Social media is used by nearly all American adolescents despite concerns about its impact on children’s brain development and mental health, according to the advisory. Murthy called for policymakers to pursue a “safety first” approach to social media regulation in line with previous federal regulations on airbags and seatbelts.

“We must provide children and their families with the information and tools to navigate the changing digital environment, but this burden to support our children must be further shared,” the advisory read. “There is a role for local, state, and federal policy to implement protections for our children and adolescents. The U.S. has a strong history of taking action in such circumstances.” (RELATED: Social Media Can Influence Young Girls To Become Transgender. Here’s How)

Murthy recommended measures to prohibit children from accessing age-inappropriate content, as well as standards to prevent social media companies from targeting children with their personal information.

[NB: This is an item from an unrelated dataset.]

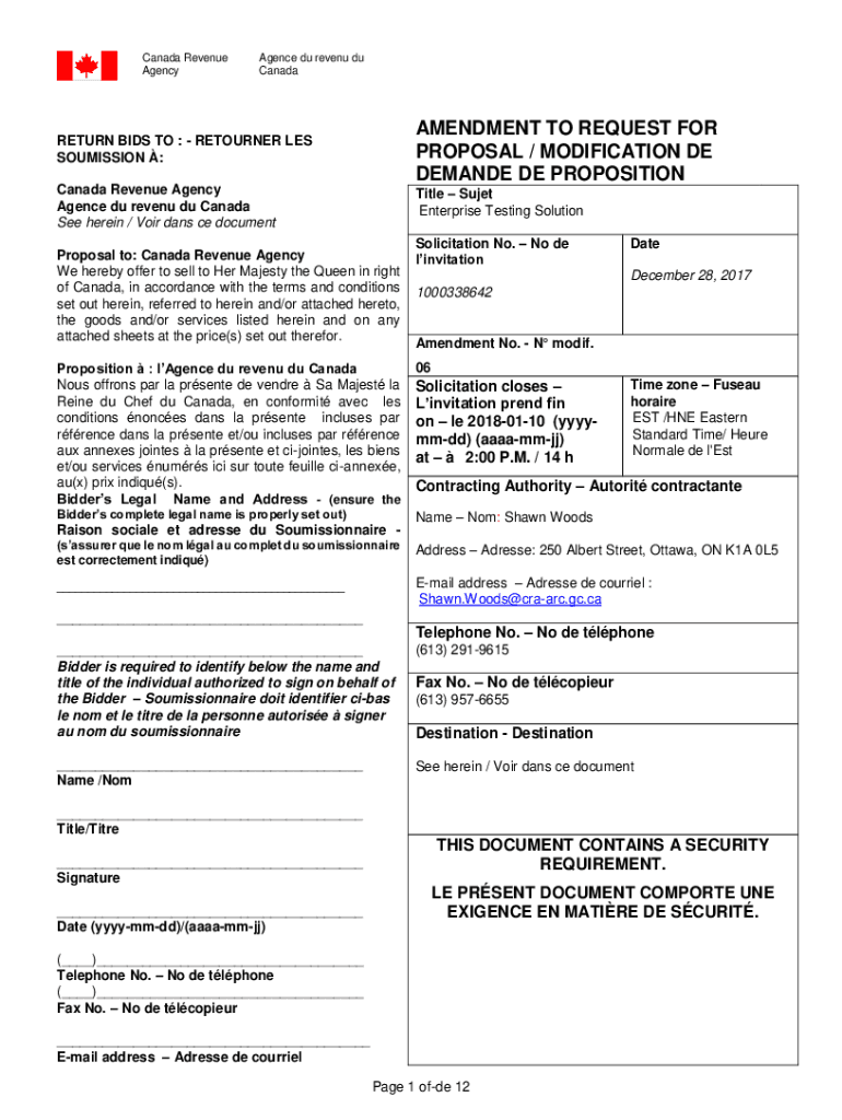 Canada Revenue AgencyAgence Du revenue Du CanadaAMENDMENT TO REQUEST FOR PROPOSAL / MODIFICATION DE DEMAND DE PROPOSITIONRETURN BIDS TO : RETURNER LES COMMISSION : Canada Revenue Agency Du revenue

“We must acknowledge the growing body of research about potential harms, increase our collective understanding of the risks associated with social media use, and urgently take action to create safe and healthy digital environments that minimize harm and safeguard children’s and adolescents’ mental health and well-being during critical stages of development,” the advisory read.

Among youth aged 13-17, about 95% use social media, and more than a third report using it “almost constantly, according to the advisory. About 40% of children 8-12 use social media despite the common minimum age of 13 for most platforms. Social media can impact adolescents’ impulse control, social behavior and long term well-being, according to numerous studies cited in the advisory.

During adolescence, youth are particularly susceptible to peer influence and social pressure as they form their sense of identity; they’re also experiencing major fluctuations in well-being, and this is the period of life in which depression can emerge, according to the advisory. Social media use is linked to lowered life satisfaction when used by girls aged 11-13 and boys 14-15.

Children aged 12-15 who spent more than 3 hours per day on social media had double the risk of poor mental health outcomes including depression and anxiety, according to a study referenced in the advisory; 8th and 10th graders spend an average of 3.5 hours per day on social media.